Vendors salivate at penguin-led party

Big announcements and large attendance signalled to the world that Linux may have come of age at the fourth LinuxWorld Conference & Expo recently.

The show, which saw 200 vendors and 20,000 visitors, featured high-profile announcements from big systems stalwarts IBM, Hewlett-Packard, Dell Computer and Sun Microsystems, and start-ups, such as Linux NetworX, all bent on making the Linux operating system as bulletproof as possible for the enterprise customer.

A little more than two years ago, Linux existed mainly as a research project, but according to market researchers at IDC, Linux was the second-most popular server operating system last year, behind Windows NT, taking almost one-quarter of the market with 1.3 million distributions shipped.

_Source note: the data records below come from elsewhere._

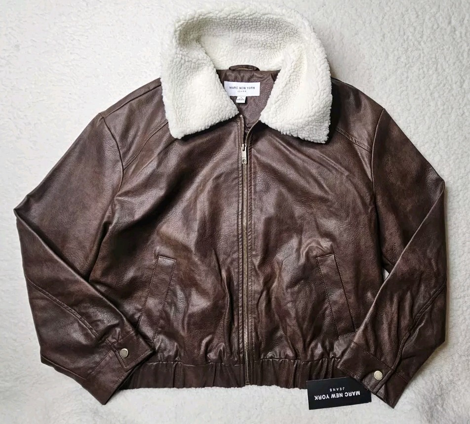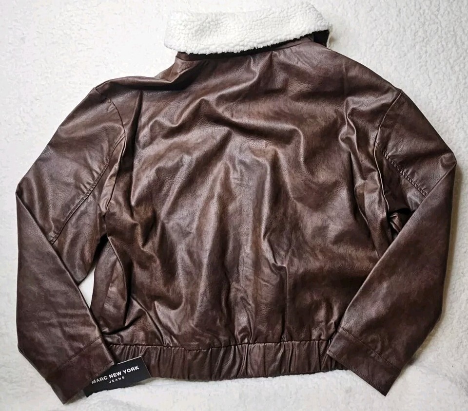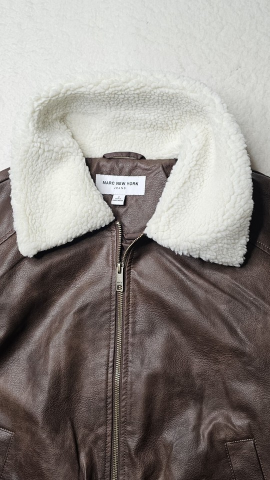 - Andrew Marc New York Men’s Leather Jacket with Sherpa Trim Collar Men's M New
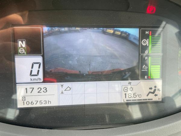 The loader is equipped with air conditioning, a rear-view camera, and comes with a bucket attached, making it ready for immediate operation.
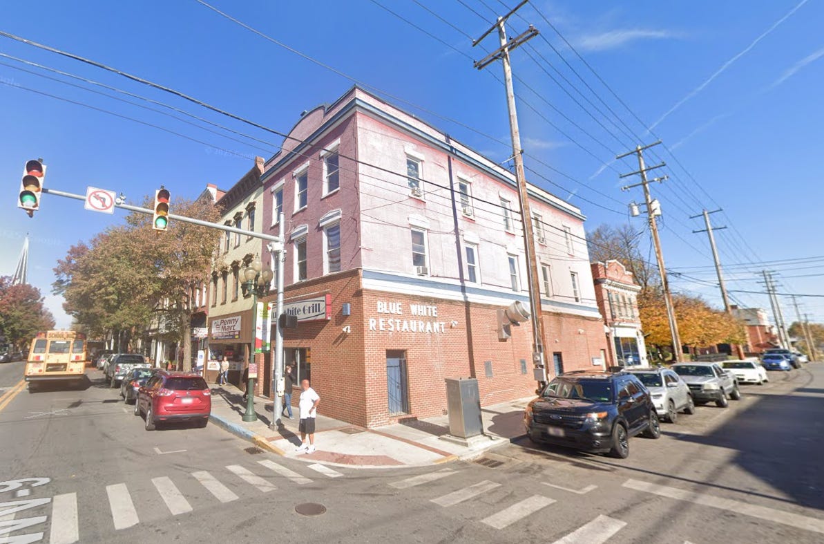 And in Martinsburg, at the address given for a Snow White Grill (Burke and Queen Street intersection), is the current Blue White Grill!
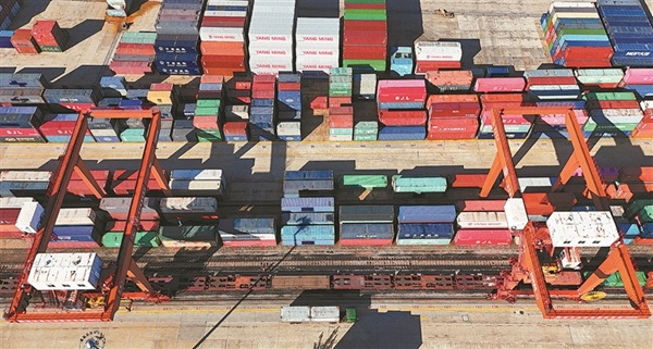 今年以来,江苏省连云港中欧班列运输效率持续提升,货物发送量稳步增长,为高质量共建“一带一路”注入强劲动能。图为11月10日,中哈(连云港)物流合作基地,班列正在进行集装箱装车作业。耿玉和 摄
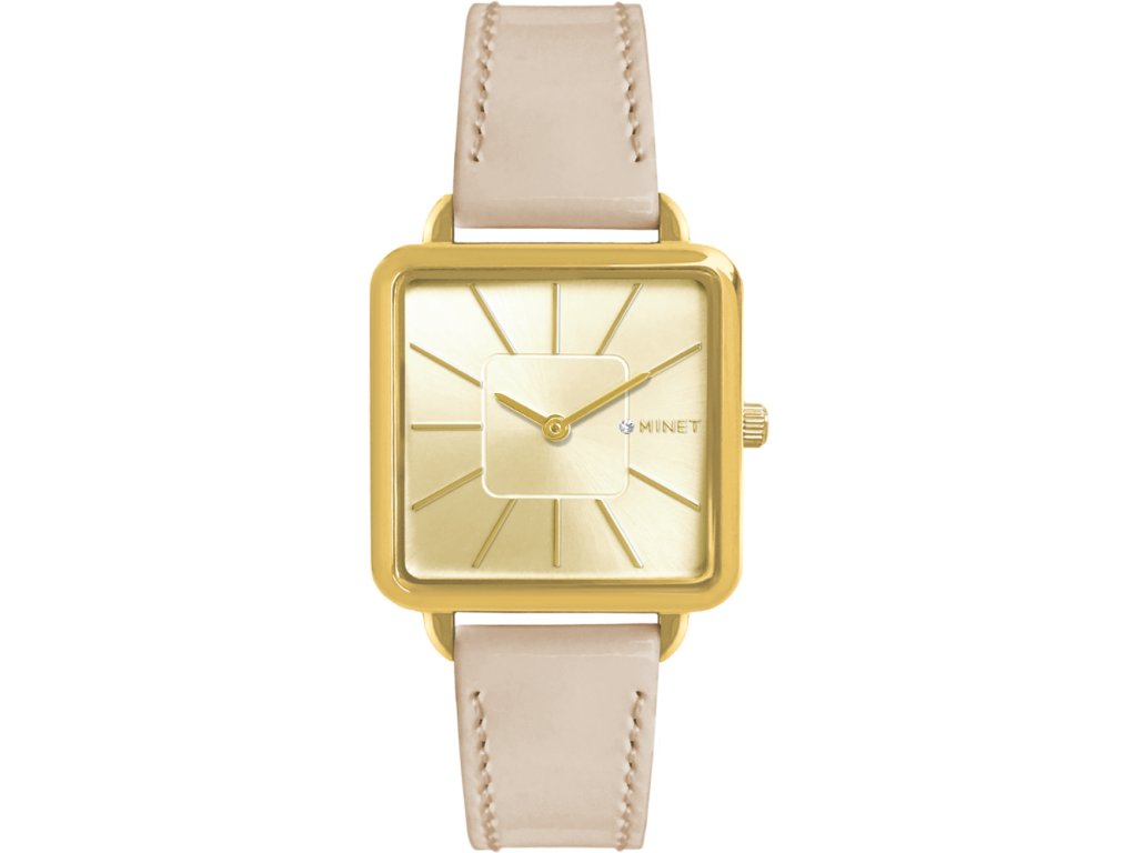 Elegantní hodinky české značky MINET se zlatým číselníkem a moderním lakovaným béžovým páskem. Vyměnitelný řemínek z hladké hovězí španělské kůže TopGrain, která je označována za nejkvalitnější a nejodolnější kůži na světě. Hodinky jsou vyrobeny z hypoalergenní nerezové oceli.
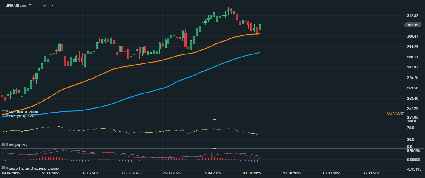 Akcie JPMorgan Chase sa aktuálne obchodujú na úrovni 307,39 USD a po krátkodobom oslabení našli podporu na úrovni 50-dňového kĺzavého priemeru EMA (302,07 USD). Tento odraz naznačuje, že býci zatiaľ udržiavajú kontrolu nad trhom. Dlhodobý SMA 100 (290,86 USD) sa stále nachádza hlboko pod aktuálnou cenou, čo potvrdzuje stabilný rastový trend.
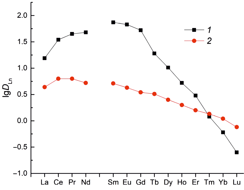 Содержание Ln(III), U(VI) и Th(IV) в исходных и равновесных водных растворах определяли методом масс-спектрометрии с ионизацией пробы в индуктивно связанной плазме с использованием масс-спектрометра XSeries 2 (Thermo Scientific, США). Содержание элементов в органической фазе определяли по разнице концентраций в водном растворе до и после экстракции. Коэффициенты распределения элементов (D) рассчитывали как отношение их концентраций в равновесных фазах. Погрешность определения D не превышала 10%.
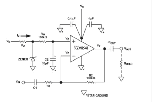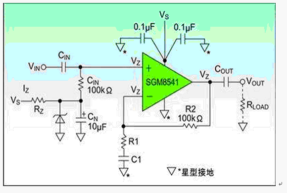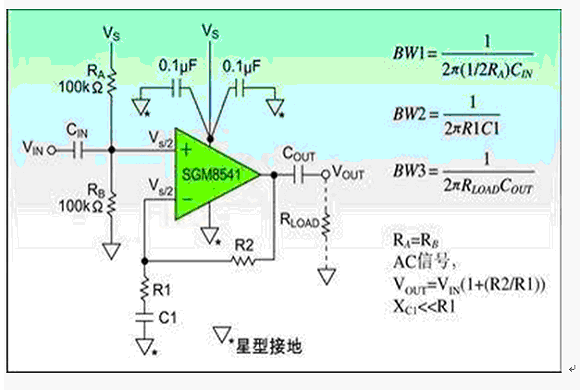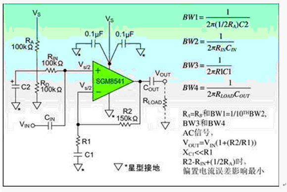 首先,電路的電源抑製幾乎沒有,電源電壓的任何變化都將直接通過兩個分壓電阻改變偏置電壓Vs/2,但電源抑製的能力是電路非常重要的特性。例如此電路的電源電壓1伏的變化,能引起偏置電路電壓的輸出Vs/2變化0.5伏。該電路的電源抑製僅僅隻有6dB,通過選用SGM8541運算放大器可以增強電源抑製能力。
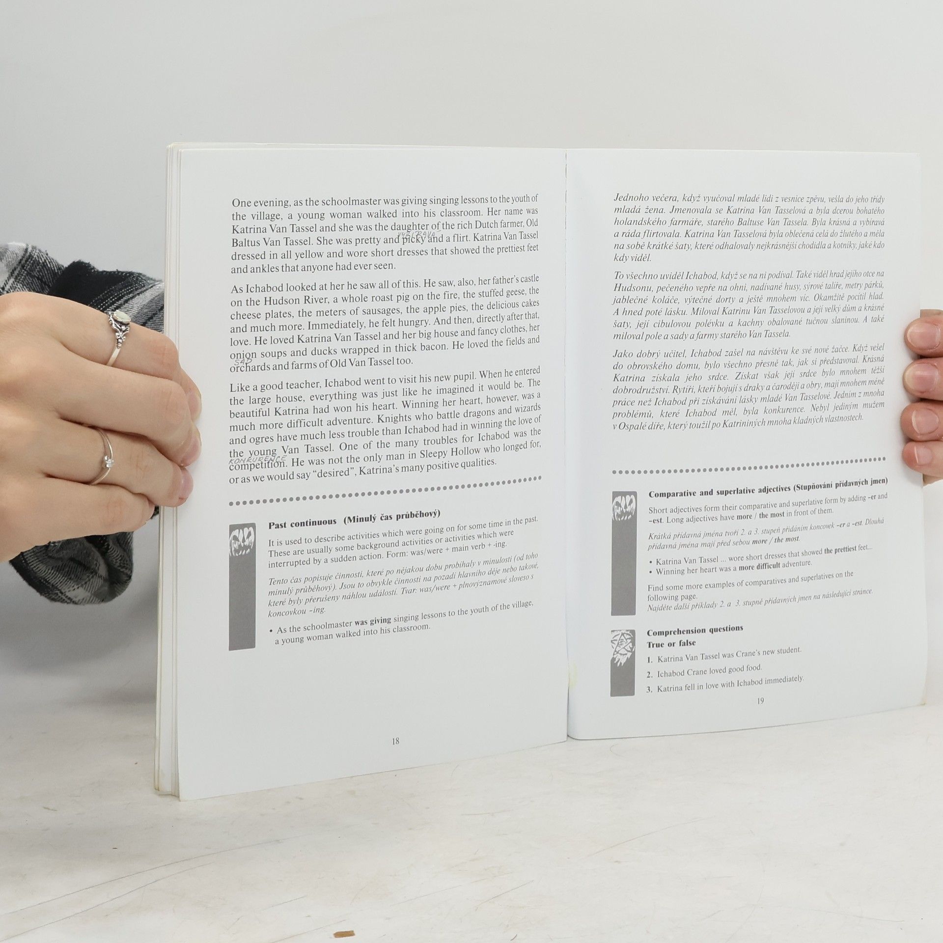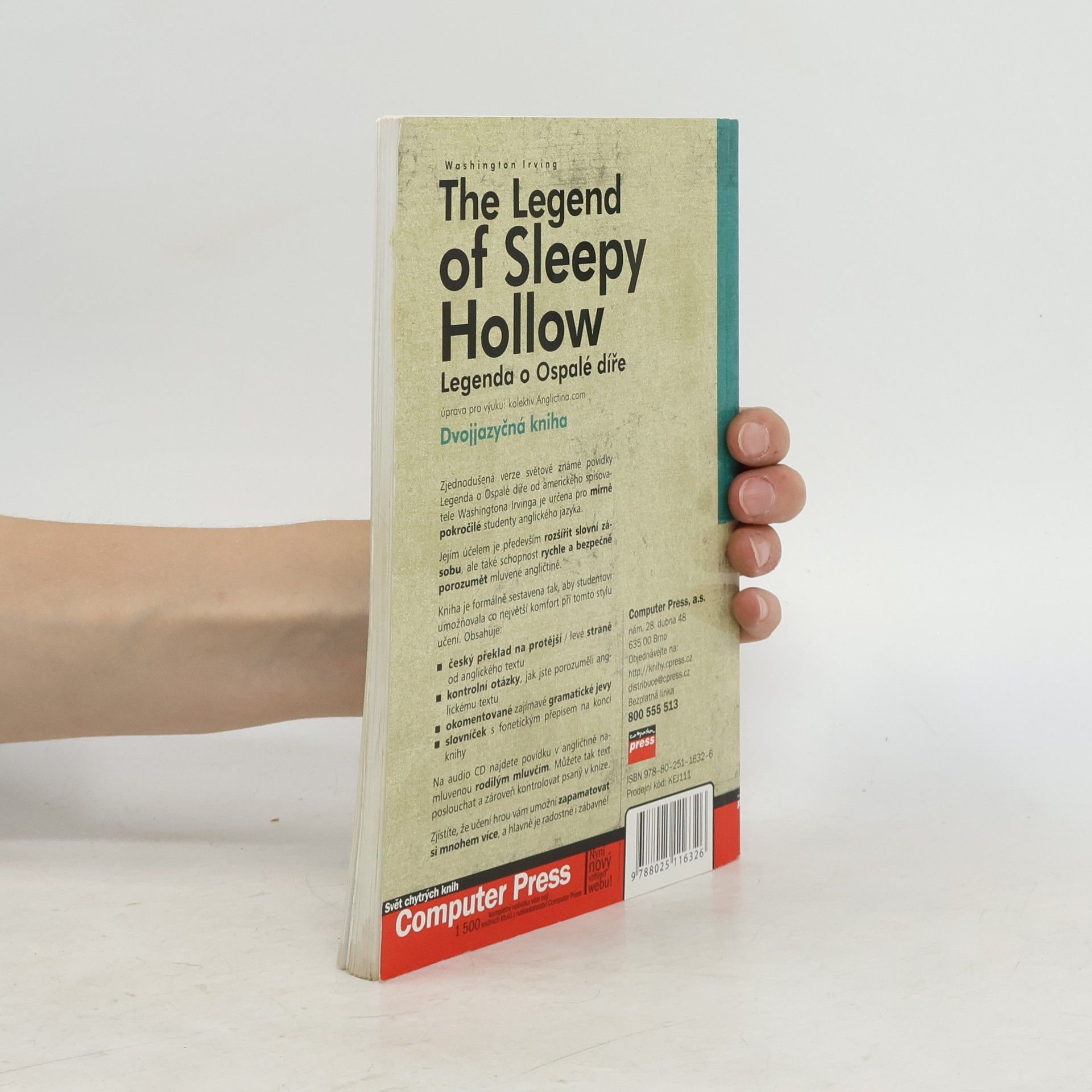 Povídka od známého spisovatele Washingtona Irvinga je ve zjednodušené verzi doplněna českým překladem. Zjednodušená verze světově známé povídky Legenda o Ospalé díře od amerického spisovatele Washingtona Irvinga je určena pro mírně pokročilé studenty anglického jazyka. Jejím účelem je především rozšířit slovní zásobu, ale také schopnost rychle a bezpečně porozumět mluvené angličtině. Kniha je formálně sestavena tak, aby studentovi umožňovala co největší komfort při tomto stylu učení. Obsahuje: * český překlad na protější/levé straně od anglického textu * kontrolní otázky, jak jste porozuměli anglickému textu * okomentované zajímavé gramatické jevy * slovníček s fonetickým přepisem na konci knihy Na audio CD najdete povídku v angličtině namluvenou rodilým mluvčím. Můžete tak text poslouchat a zároveň kontrolovat psaný v knize. Zjistíte, že učení hrou vám umožní zapamatovat si mnohem více, a hlavně je radostné i zábavné!

"Linux is starting to evolve as a complete system," says Bill Gleason, a systems manager who uses Linux for Rampt.com, a Los Angeles search engine company. Gleason says he was at the show looking specifically for Linux clustering products. "It's nice to see the big [technology vendors] getting involved more with its development," he adds, citing recent Linux strategies announced by Dell, Intel, IBM and Compaq.

"The more those guys get into [Linux], adding their own proprietary clustering software to the operating system", the more stable it will become, he says.

Hewlett-Packard displayed a version of its MC/ServiceGuard product for Linux at the show. Previously available for HP's Unix servers, MC/ServiceGuard can proactively monitor the operating system and hardware health of individual nodes in a Linux cluster. It can also be configured to trigger alerts to management staff before server crashes occur.

Linux NetworX announced what it claims is one of the first vertically mounted cluster of Linux servers. The Evolocity product mounts up to 25 Intel or Alpha-based Linux nodes together, improving airflow around the individual nodes and letting them run up to 10 degrees cooler, the company claims. The cluster is managed by the company's ClusterWorX software, which orchestrates the cluster nodes to act as a single server image on a network and includes failover support.

IBM announced a Linux cluster hardware and software package for high-availability Linux systems. IBM's Solution Series for Linux Clusters includes Netfinity servers running IBM's Linux Utility for Clusters, software that controls multiple servers as one logical node. The cluster package includes high-speed server interfaces from Myricom and Ethernet switches from Extreme Networks for connecting the cluster to a LAN. The package scales up to 64 nodes and supports Caldera, Red Hat, SuSE and TurboLinux distributions. The IBM clusters are available now and start at $115,000.

Also making Linux clustering announcements were Silicon Graphics, which announced its Iris FailSave failover clustering software for Linux; Mission Critical Linux, which debuted its Convolo Cluster, a two-node failover product for Linux on the IA64; and SuSE, which introduced SuSE Linux Professional Edition 7.0.